Critical to this morning’s hearing, the Federal Energy Regulatory Commission signed off on 300-mile pipeline after determining that the daily transportation and burning of 2.4 billion cubic feet of natural gas would generate 48 million metric tons of carbon dioxide downstream emissions every year.
The National Environmental Policy Act requires federal agencies to consider “reasonably foreseeable” environmental impacts of projects they approve, but the commission did little to probe the downstream effects here.
U.S. Circuit Judge David pressed FERC attorney Lona Perry in particular Monday for arguing that downstream effects are not “reasonably foreseeable” because the end destination of the gas remains unknown. where the gas will go after it is shipped out.

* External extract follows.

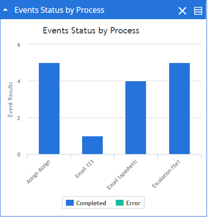 The Event Status by Process widget provides information about the automation processes that are processed. The information is displayed as a column chart. Each column displays the number of times the process has been processed successfully and the number of times it encountered an error.

“What difference does it make who the downstream customers are,” Tatel asked.
One of three judges presiding over his morning’s hearing, Tatel called it realistic to assume that “every molecule” of gas will be burned once shipped.
Tatel was critical of the challengers as well Monday for not making the downstream impacts a bigger part of their petition.
Benjamin Luckett, an attorney with the group Appalachian Mountain Advocates, appeared to focus his argument primarily on whether the government established necessity to assert eminent domain over land for the pipeline in West Virginia and Virginia.
Joined by U.S. Circuit Judges David Sentelle and Gregory Katsas, however, Judge Tatel noted that the commission established market needs by pointing out that gas-shipping companies have already bought contracts for the pipeline.
Judge Katsas agreed that shippers are “putting skin in the game” with the current contracts.
“There are buyers,” Sentelle said. “They are creating a demand for that gas,”
Submitted to the FERC for approval almost four years ago, the Mountain Valley Pipeline was projected to be in use by this year and is already greatly behind schedule.
Vying to keep construction on track, FERC attorney Perry told the D.C. Circuit this morning that another factor that adds to uncertainty over downstream pollution is the offset in emissions that customers can expect from the pipeline displacing alternative fuel sources like coal.